The analogy to the PC era is imperfect but instructive. The hobbyist era of computing — where you assembled your own machine from a kit — didn’t last long, not because hobbyists were wrong to want control, but because pre-built machines made computing accessible to people who would never have assembled a motherboard. The productivity gains of the 1990s came from Dell desktops, not from more people learning to solder. The same dynamic is playing out in agent infrastructure.
For builders evaluating open-weight models for local AI workflows, the harness question is especially relevant: a strong model running in a weak harness will underperform a weaker model in a well-engineered environment. The benchmark you’re looking at may not be measuring what you think it’s measuring.
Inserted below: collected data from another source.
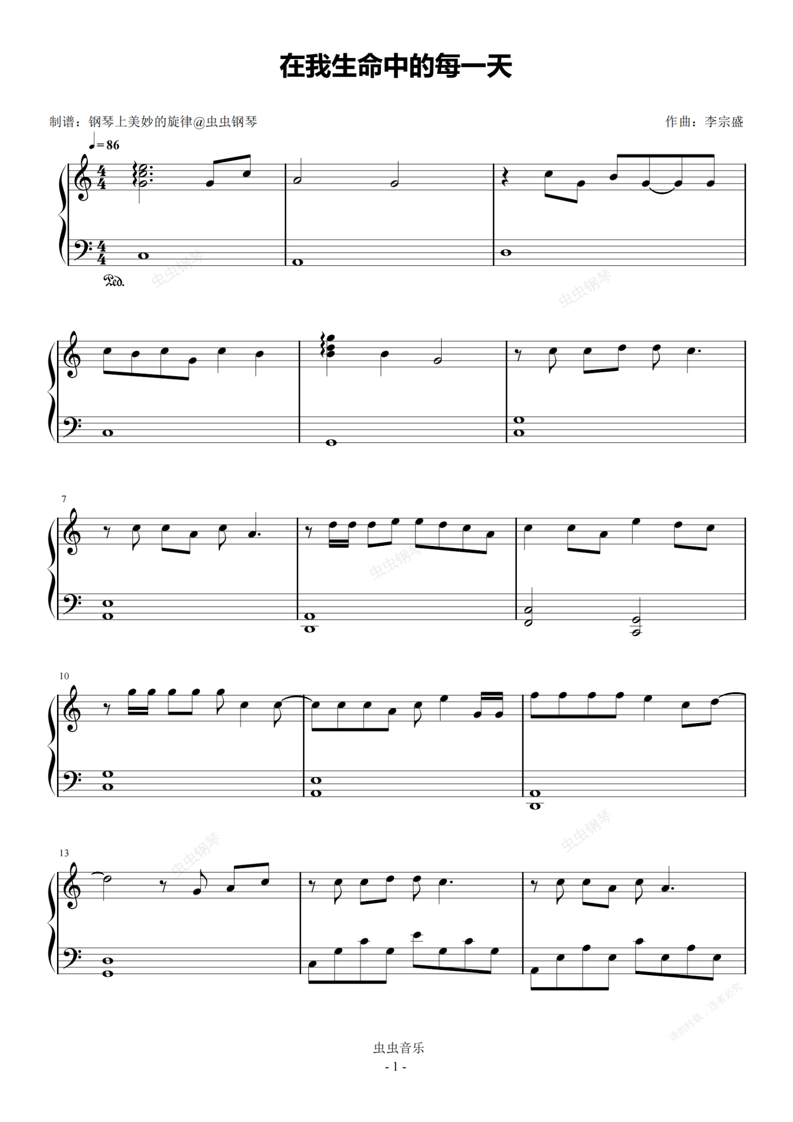 钢琴谱:在我生命中的每一天 C调简易版 成龙/苏慧伦 流行经典
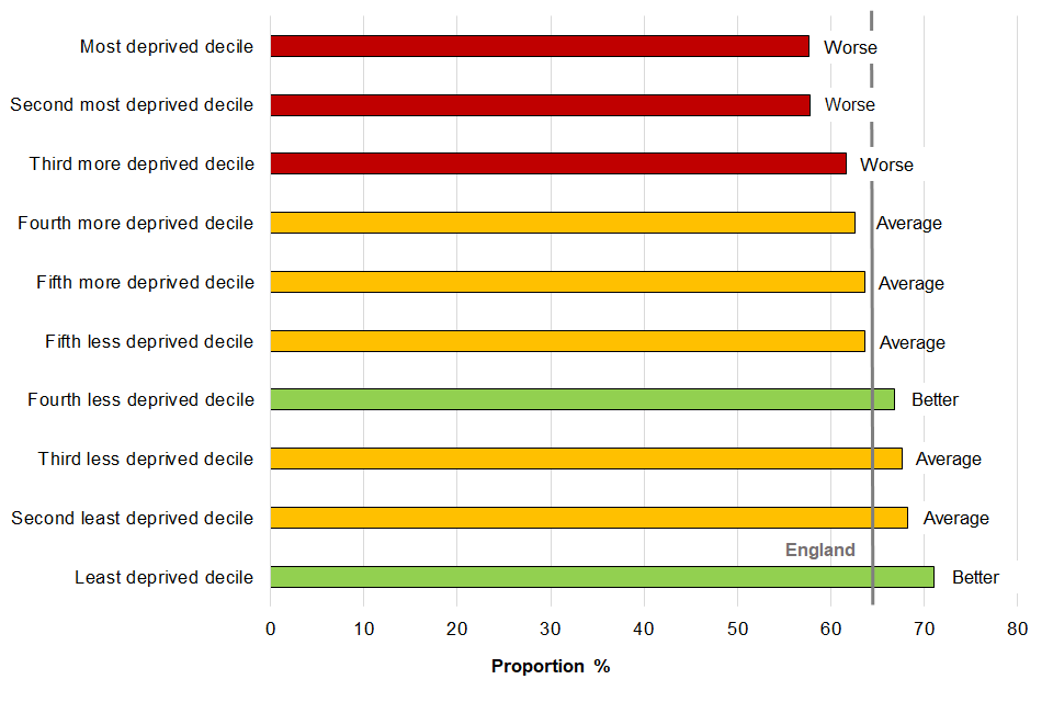 For people with long-term conditions there is a strong inequality gradient with 71.1% of people with long-term conditions being in employment in the least deprived decile of counties and unitary authorities, compared with 57.7% in the most deprived decile (see Figure 3).
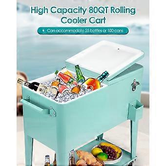 80 Quart Outdoor Rolling Cooler with Wheels, Mint Patio Ice Chest Cart with Bottle Opener for BBQ and Camping
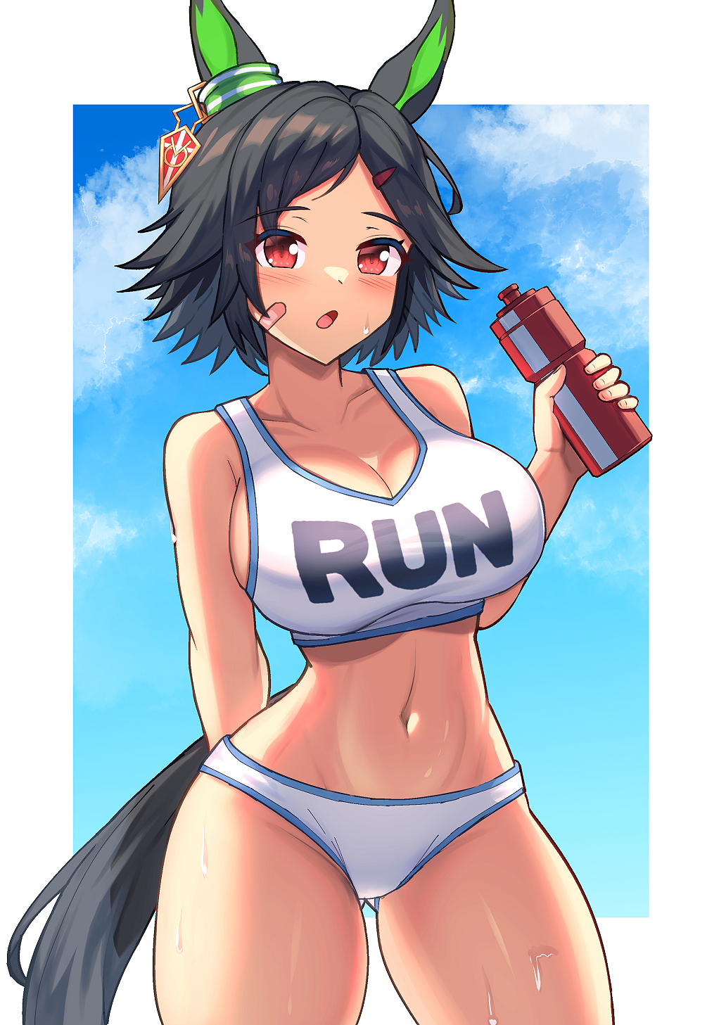 1girlanimal earsbandaidbandaid on cheekbandaid on facebikiniblack hairblue skyblushborderbottlebreastscleavagecowboy shotdaygluteal foldhair between eyesholdingholding bottlehorse earshorse girlhorse taillarge breastsopen mouthoutdoorsoutside borderred eyesshort hairskysolosweatswimsuittailwater bottlewhite bikiniwhite border
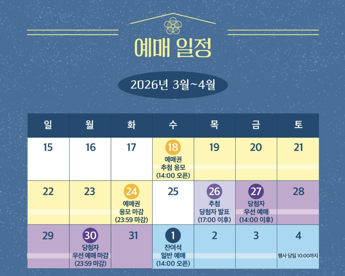 | 3. 당첨자 우선 예매 | ⭐️ 3. 27.(금) 14:00 ~ 3. 30.(월) 23:59 ⭐️ | 당첨자에 한해 선착순 좌석/회차 선택 (1인 최대 2매 결제 가능). 기한 내 미결제 시 당첨 취소 |

The Measurement Problem You Can’t Ignore
Here’s the uncomfortable conclusion. When you read that a model scored X% on a coding benchmark, you’re reading a joint measurement of the model and the harness it ran in. When you see that one model outperforms another, you don’t know how much of that gap is model capability and how much is harness engineering.
Altman’s admission isn’t a curiosity. It’s a description of the current state of the field. The people building the most capable agents — at Anthropic, at OpenAI, at Cursor — are investing heavily in harness engineering precisely because they’ve discovered that the environment around the model is doing more work than most people assumed.
The question for builders is not “which model should I use?” It’s “which model, in which harness, for which task?” Those are three separate variables, and collapsing them into one decision is how you end up with a capable model producing mediocre results.
The harness is not a wrapper around the model. It’s the other half of the system.